参考ウェブサイト:https://www.mercari.com/jp/help_center/article/855/
違反事例の例として、銀行口座への直接振り込みなどもありますが、当然、小切手決済も、メルカリが用意した決済方法ではないため、禁止されています。
本件も、メルカリの禁止行為であることを前提にして話を進めます。
2 「不渡り小切手」とは?
この事例では、不渡り小切手が使われたとのことです。
「不渡り」とは、小切手や手形に書かれた「支払期日」(銀行で記載の金額に換金できる日)に銀行に持っていったが換金できないことをいいます。
小切手や手形は、そこに書かれている「振出人」の当座預金をつかって換金されます。しかしその当座預金の残高がなかったり、すでに倒産して銀行の取引が止まっている場合は、換金できないため、「不渡り」となるのです。
3 振出人=購入者の場合だと当座預金の残高がないことで逮捕される事例は少ない
今回の事例で、容疑者の男性が小切手を作成したことは考えにくいといえます。なぜならば、振出人の当座預金にお金が入っていないとしても、「後でお金を入れる予定だったが、お金を用意できなかった。」という言い分が通ってしまい、(民事の責任は別にして)詐欺の故意を立証できない可能性が高いからです。
もし、あなた自身が小切手を発行しており、資金難の状態になって小切手を使おうとしても、よほど繰り返して決済しようとしたり、高額の使用をした場合を除けば、詐欺で立件されることは少ないといえます(当然、好ましいことではありませんが・・・)。
この手の不渡り小切手で逮捕される事例は、ほとんどが倒産したりして支払いされないことが確実な小切手を使う場合です。
過去、類似のインターネットオークション詐欺の手法の一つで、高級車を落札し、代金を、倒産した大阪府にある会社の不渡りの小切手を使用して支払ったという事例で逮捕されたというものがあります。
4 小切手の流通自体減っている。詐欺の可能性を見落とさないで
なお、被害を受ける側のアドバイスになりますが、見ず知らずの人との取引で小切手を用いるのは避けたほうがよいことが多いといえます。

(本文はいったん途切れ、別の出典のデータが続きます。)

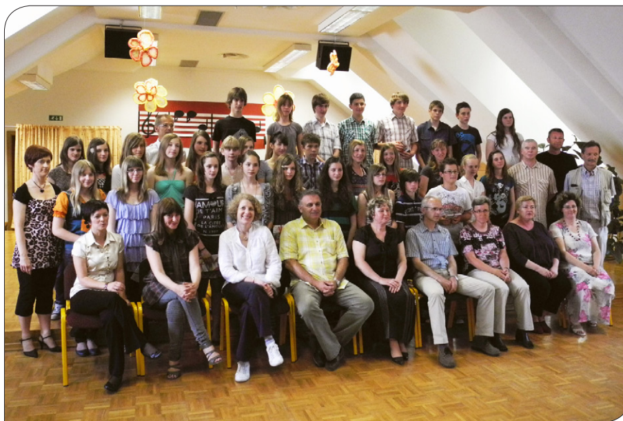
Utrinek z absolventskega nastopa, učenci in učitelji, 26. 5. 2011

最近は、手形や小切手の発行手数料はかなり高くなっています。そのため、手形や小切手の流通量は間違いなく激減するといわれています。
その状況下で手形・小切手決済を求められるという事自体、やや異常な状況ではないかと思われます(一部、建設業などでは手形決済も残っていますが、ビジネスで使うことくらいしか活用場面はないところです。)。
メルカリでは高額決済を避けたり、クレジットカードを使うなどするのが望ましいのではないかと思われます。